TASK DESCRIPTION:
Would you output all the lines below precisely as they stand, leaving each picture out?

DATA BLOCK:
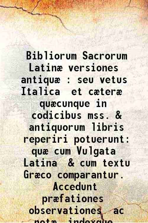 Bibliorum Sacrorum LatinÊ versiones antiquÊ : seu vetus Italica, et cÊterÊ quÊcunque in codicibus mss. & antiquorum libris reperiri potuerunt: quÊ cum Vulgata Latina, & cum textu GrÊco comparantur. Accedunt prÊfationes, observationes, ac notÊ, indexque novus ad Vulgatam e regione editam, idemque locupletissimus. / Opera & studio d. Petri Sabatier. Volume 1 1743
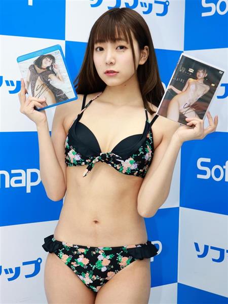 1メートル61、B80W57H82のスレンダーボディーを黒の水着に包み、笑顔でDVDを紹介した辰巳。8月に山梨・河口湖で撮影され、疲れている彼のために一緒に旅行に出か、癒やしてあげるという内容だ。
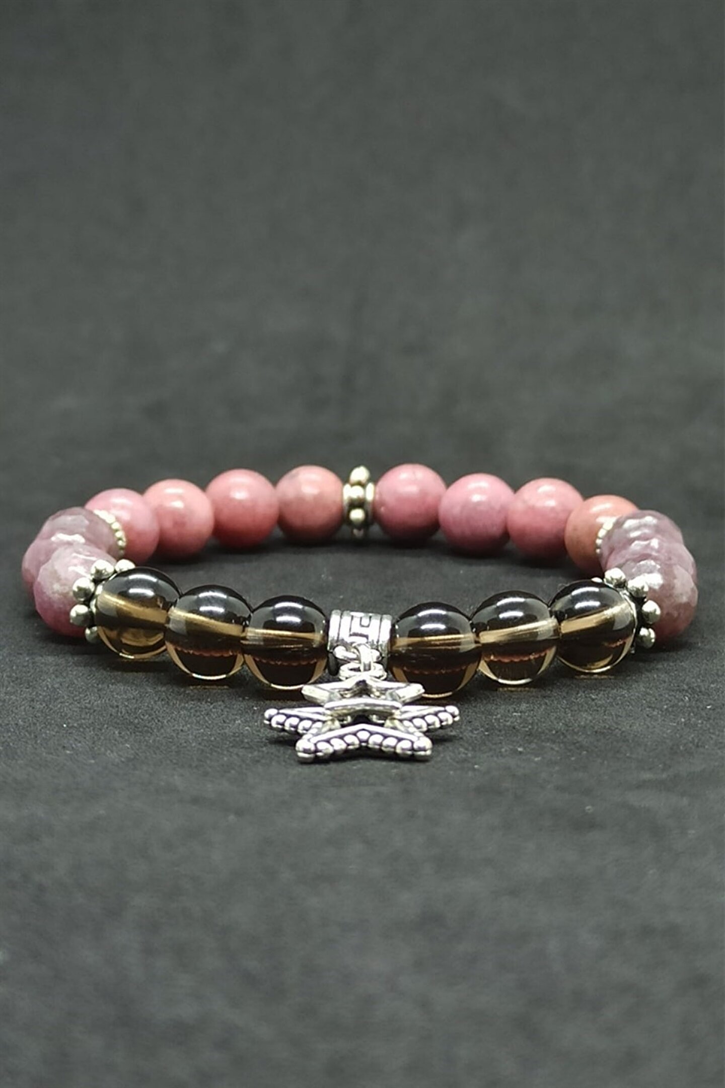 Dumanlı Kuvars Lepidolit Rodonit Doğal Taş Kadın Bileklik Dumanlı Kuvras: İyileştirici taşlar arasında yer alır. ; Sinir sistemini güçlendirir. ; Kişiye sakinlik verir. ; Kolay iletişim kurmanıza yardımcı olur. ; Odaklanmaya yardımcı olur. ; Tiroid bezini korur ve iyileştirici özelliği vardır. ; Radyasyona karşı koruyucudur. ; Sinirsel gerginliğe ve panik atak hastalığına iyi gelir. ; Lepidolit taşı: kişiye rahatlama ve huzur veren çok güçlü bir taştır. ; Bedeni dinlendirir. ; Güven ve kabullenme duygusunu geliştirir. ; Elle tutulduğunda kişiyi sakinleştirir. ; Endişe ve kuruntuyu giderir, mutluluk verir. ; Umutsuzluk ve bunalımları hafifletir. ; İyimserlik ve sabır verir. ; Bağımlılıkladan kurtulmaya yardımcıdır. ; Akıl,Zihin,Aşk,Güç sembolüdür ve kullananın bu özellikleri edinmesine yardım eder. ; Rodonit Taşı: ruhsal enerjiye sahiptir. ; Uyum ve huzur verir. ; Sorunlarla başa çıkmanıza yardımcı olur. ; Günlük yaşamda başarılı olmaya yardımcı olur. ; Ruhsal,zihinsel ve fiziksel canlılığınızı arttırır. ; Sınav öncesi stresi ortadan kaldırır.Zihin açıklığı verir. ; Öğrenme yeteneğini arttırır. ; Korkuyu azaltmaya yardımcı olur. ; Neşe,keyif,memnuniyet,aşk ve sevgi sembolüdür,kullananın bu özellikleri kazanmasına yardım eder. ; Boğaz ve gırtlak iltihaplarının tedavisine yardım eder. ; Anksiyete ve depresyon tedavisinde destek amaçlı kullanılmaktadır.;
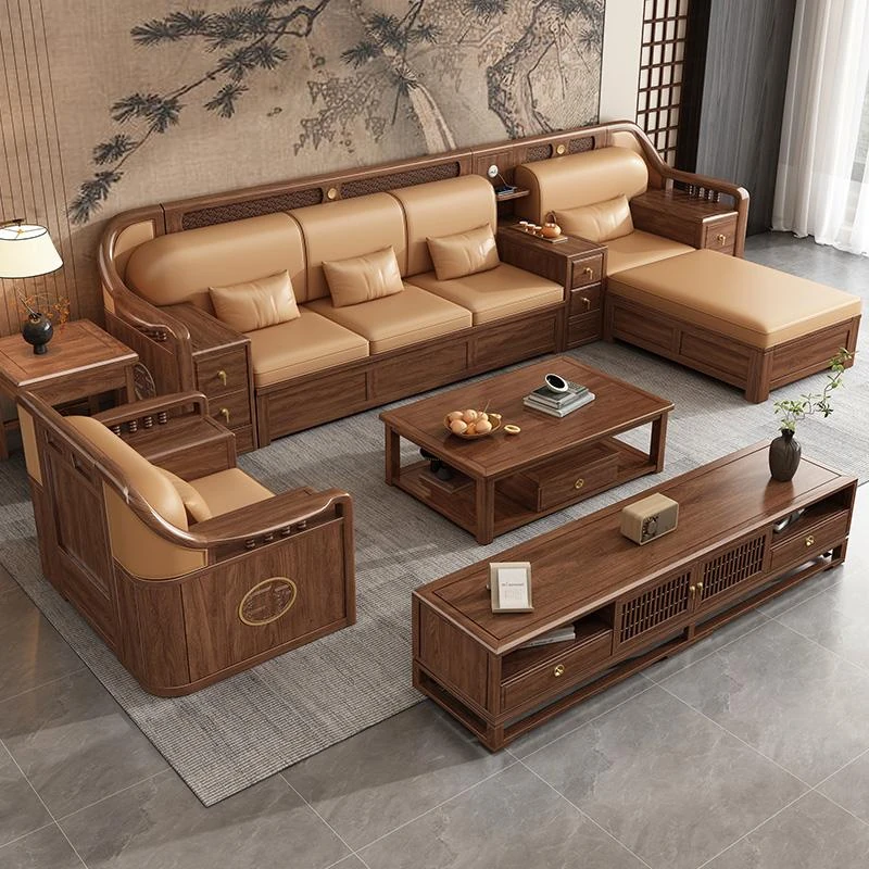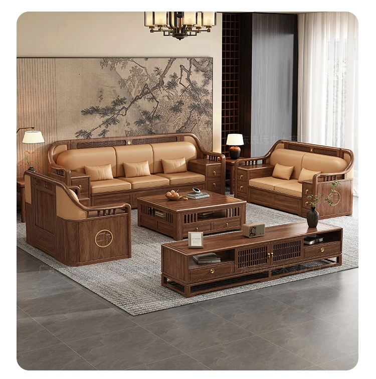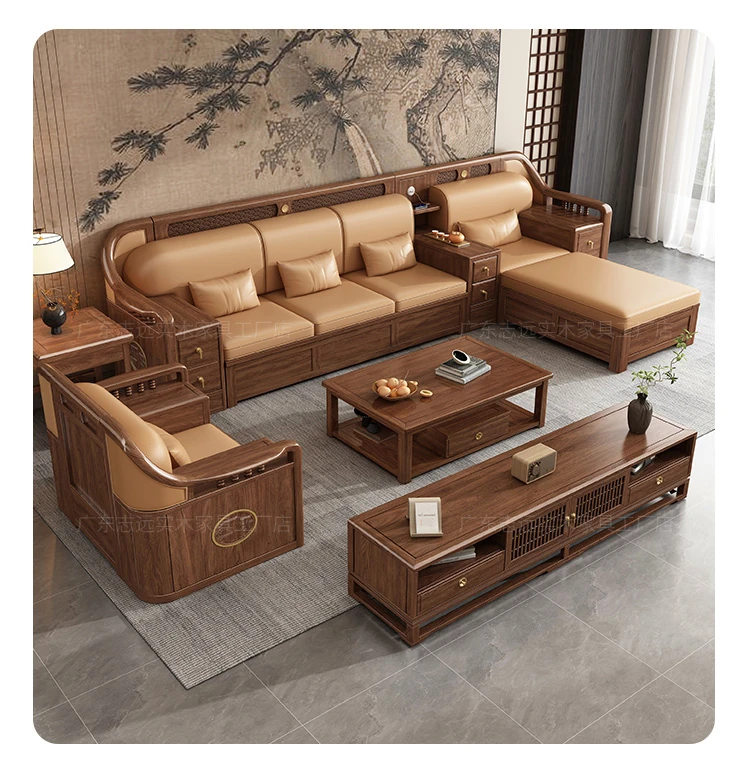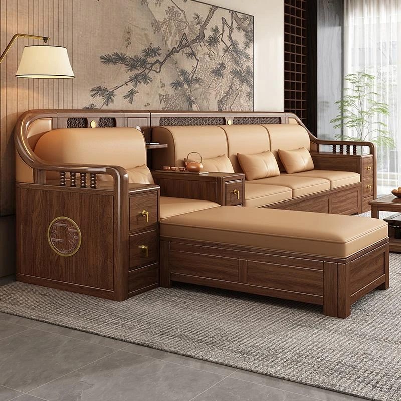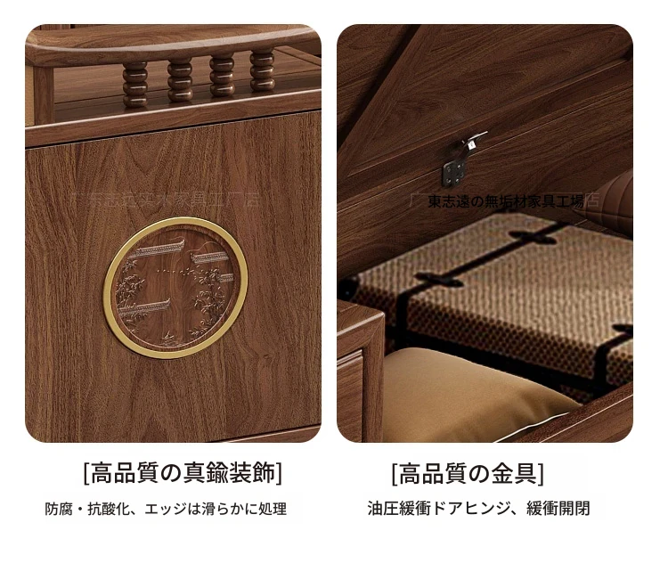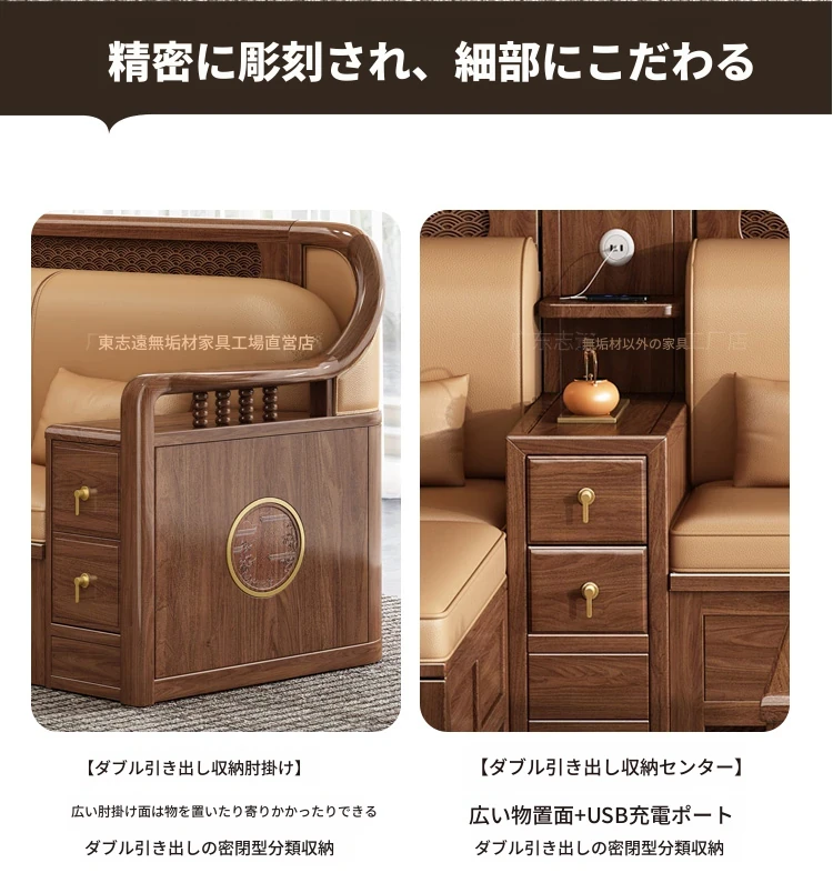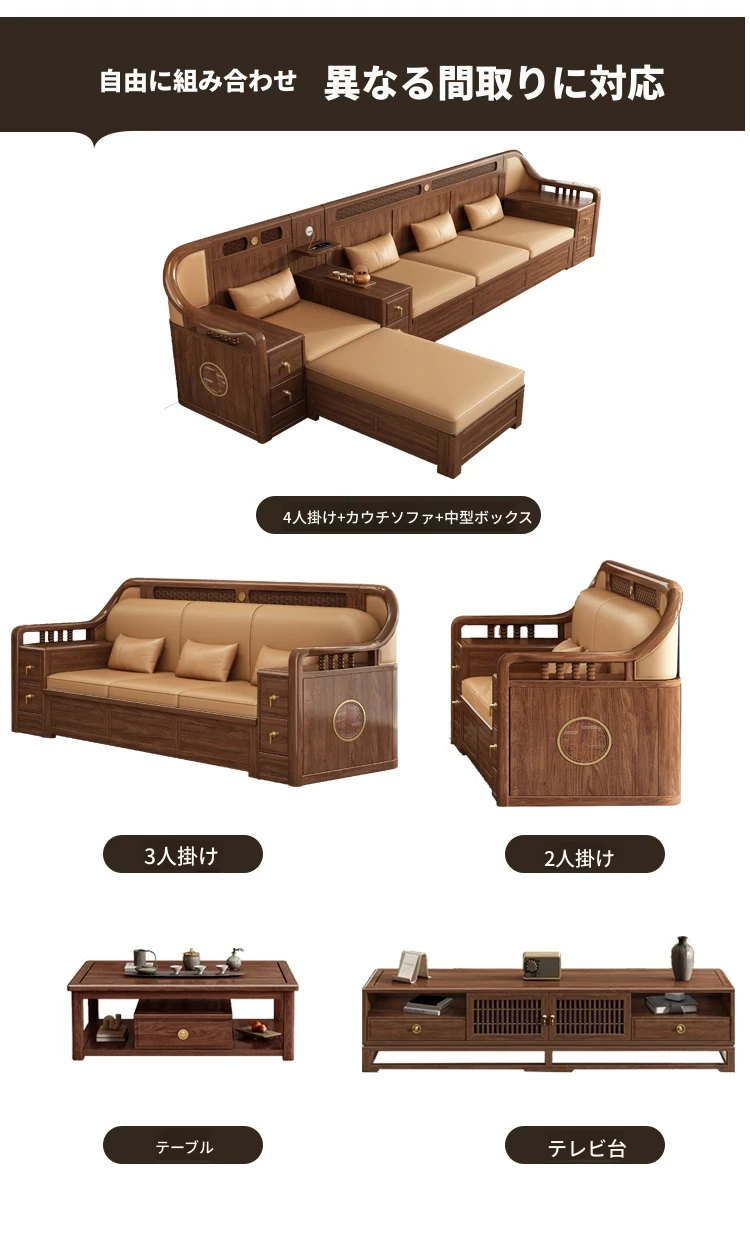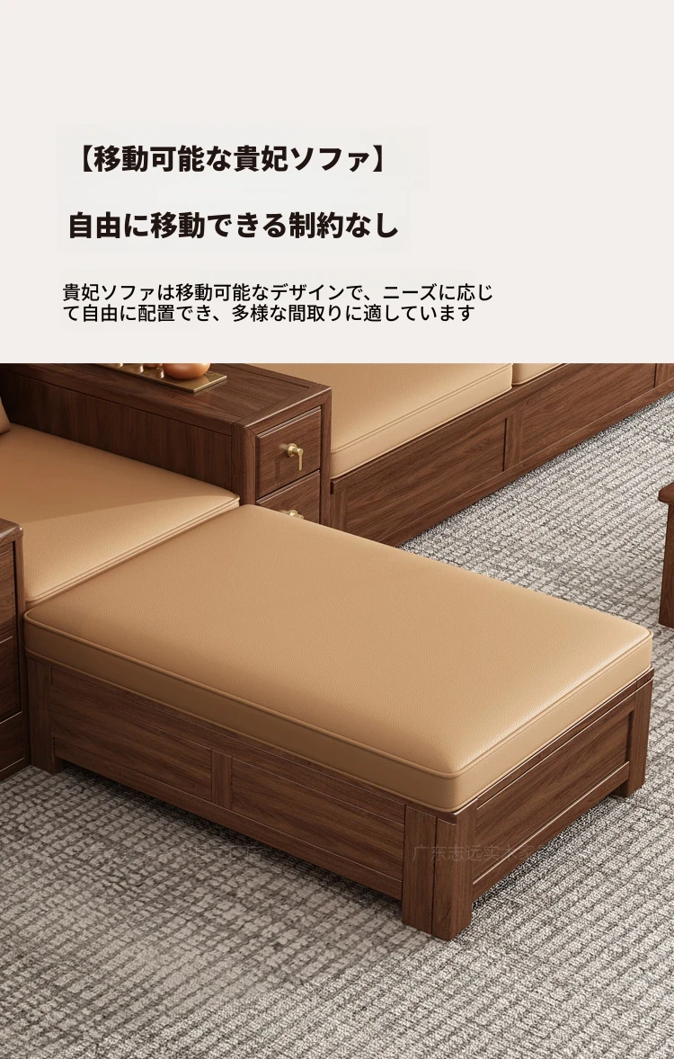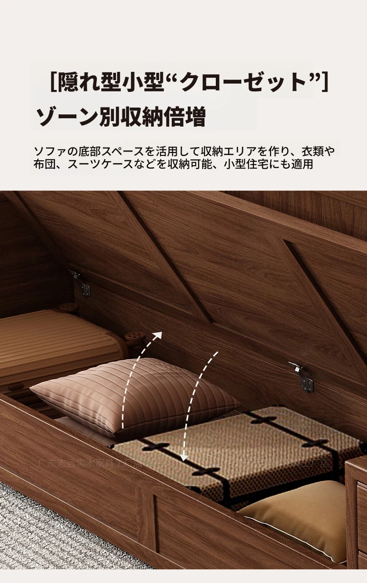 志遠家具の新中式スタイルの無垢材ソファ、ウォールナット製。冬も夏も使えるコンビネーションデザインで、リビングの収納にも最適。猫の爪研ぎにも強い、スタイリッシュで機能的なソファです。

YOUR SOLUTION:
 Bibliorum Sacrorum LatinÊ versiones antiquÊ : seu vetus Italica, et cÊterÊ quÊcunque in codicibus mss. & antiquorum libris reperiri potuerunt: quÊ cum Vulgata Latina, & cum textu GrÊco comparantur. Accedunt prÊfationes, observationes, ac notÊ, indexque novus ad Vulgatam e regione editam, idemque locupletissimus. / Opera & studio d. Petri Sabatier. Volume 1 1743
 1メートル61、B80W57H82のスレンダーボディーを黒の水着に包み、笑顔でDVDを紹介した辰巳。8月に山梨・河口湖で撮影され、疲れている彼のために一緒に旅行に出か、癒やしてあげるという内容だ。
 Dumanlı Kuvars Lepidolit Rodonit Doğal Taş Kadın Bileklik Dumanlı Kuvras: İyileştirici taşlar arasında yer alır. ; Sinir sistemini güçlendirir. ; Kişiye sakinlik verir. ; Kolay iletişim kurmanıza yardımcı olur. ; Odaklanmaya yardımcı olur. ; Tiroid bezini korur ve iyileştirici özelliği vardır. ; Radyasyona karşı koruyucudur. ; Sinirsel gerginliğe ve panik atak hastalığına iyi gelir. ; Lepidolit taşı: kişiye rahatlama ve huzur veren çok güçlü bir taştır. ; Bedeni dinlendirir. ; Güven ve kabullenme duygusunu geliştirir. ; Elle tutulduğunda kişiyi sakinleştirir. ; Endişe ve kuruntuyu giderir, mutluluk verir. ; Umutsuzluk ve bunalımları hafifletir. ; İyimserlik ve sabır verir. ; Bağımlılıkladan kurtulmaya yardımcıdır. ; Akıl,Zihin,Aşk,Güç sembolüdür ve kullananın bu özellikleri edinmesine yardım eder. ; Rodonit Taşı: ruhsal enerjiye sahiptir. ; Uyum ve huzur verir. ; Sorunlarla başa çıkmanıza yardımcı olur. ; Günlük yaşamda başarılı olmaya yardımcı olur. ; Ruhsal,zihinsel ve fiziksel canlılığınızı arttırır. ; Sınav öncesi stresi ortadan kaldırır.Zihin açıklığı verir. ; Öğrenme yeteneğini arttırır. ; Korkuyu azaltmaya yardımcı olur. ; Neşe,keyif,memnuniyet,aşk ve sevgi sembolüdür,kullananın bu özellikleri kazanmasına yardım eder. ; Boğaz ve gırtlak iltihaplarının tedavisine yardım eder. ; Anksiyete ve depresyon tedavisinde destek amaçlı kullanılmaktadır.;
 志遠家具の新中式スタイルの無垢材ソファ、ウォールナット製。冬も夏も使えるコンビネーションデザインで、リビングの収納にも最適。猫の爪研ぎにも強い、スタイリッシュで機能的なソファです。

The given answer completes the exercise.